The velocity circulation, the line integral of the velocity field along a closed path, is a fundamental observable in classical and quantum flows. It provides a measure of fluid rotation within a closed path. It is a Lagrangian invariant in inviscid classical fluids described by the incompressible Euler equations. In quantum fluids, which can be described by the defocusing nonlinear Schrodinger equation, circulation is quantized, taking discrete values related to the number and the orientation of thin vortex filaments enclosed by the path. By varying the size of such closed loops, the circulation provides a measure of the dependence of the flow structure at the considered scale. In turbulent flows, by varying the scale of the loops, one might expect the emergence of power laws reflecting the complexity of turbulence.

In this talk, I will present some results on the circulation statistics in classical and quantum turbulent fluids, described by the 3D Navier-Stokes and 3D defocusing nonlinear Schrodinger equation (NLS), respectively. We produce high-resolution numerical simulations of these two models and compare the circulation statistics. We show that statistics of velocity circulation in the NLS equation exhibit the same behavior that the one previously observed in classical fluids using the incompressible Navier-Stokes equations [Iyer et al. Phys. Rev.
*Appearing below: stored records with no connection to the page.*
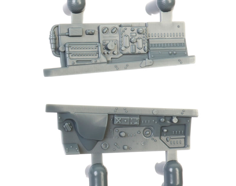 The cockpit receives an instant lift from the colour photo-etched fret, which supplies a layered instrument panel, side consoles and harness straps.
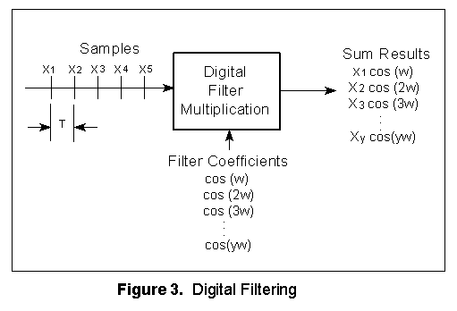 If the digital information is multiplied by the Fourier coefficients, a digital filter is created as shown Figure 3. If the sum of the resultant components is zero, the filter has ignored (notched out) that frequency sample. If the sum is a relatively large number, the filter has passed the signal. With the single sinusoid shown, there should be only one resultant. (Note that being "zero" and relatively large may just mean below or above the filters cutoff threshold)
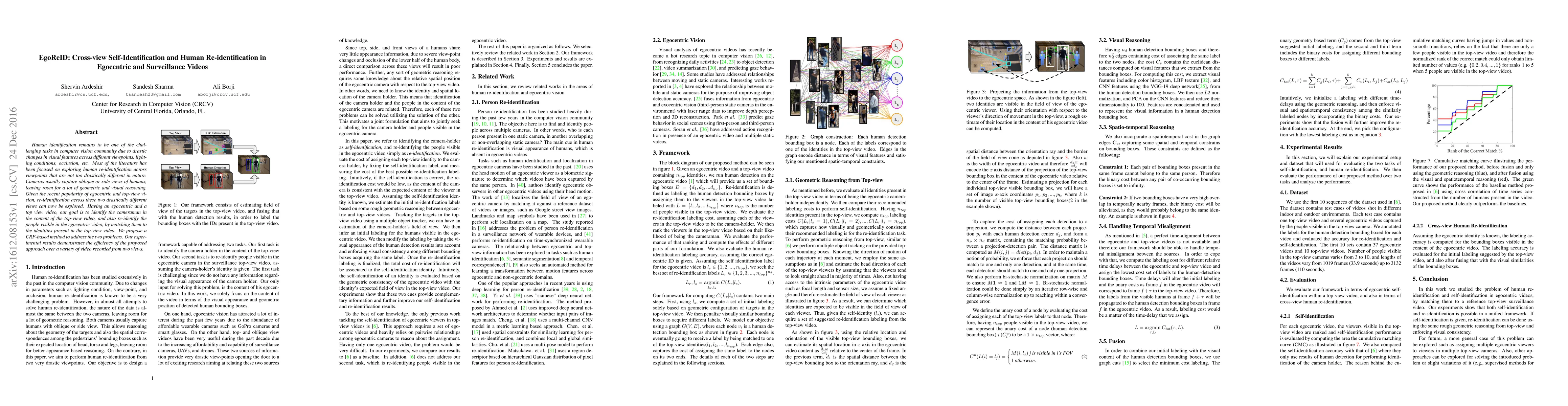The paper proposes a CRF-based method for identifying and re-identifying individuals in egocentric and surveillance videos, addressing the challenge of drastically different viewpoints. Experimental results show the effectiveness of the approach in matching identities across these views.

X 9, 041006 (2019).]. This finding includes the emergence of the power-law scalings predicted from Kolmogorov's 1941 theory of turbulence and intermittency deviations for high-order moments. These results strongly reinforce the resemblance between classical and quantum turbulence. It highlights the universality of the inertial range dynamics, including intermittency, across these two a priori very different systems (incompressible Navier-Stokes equations and NLS).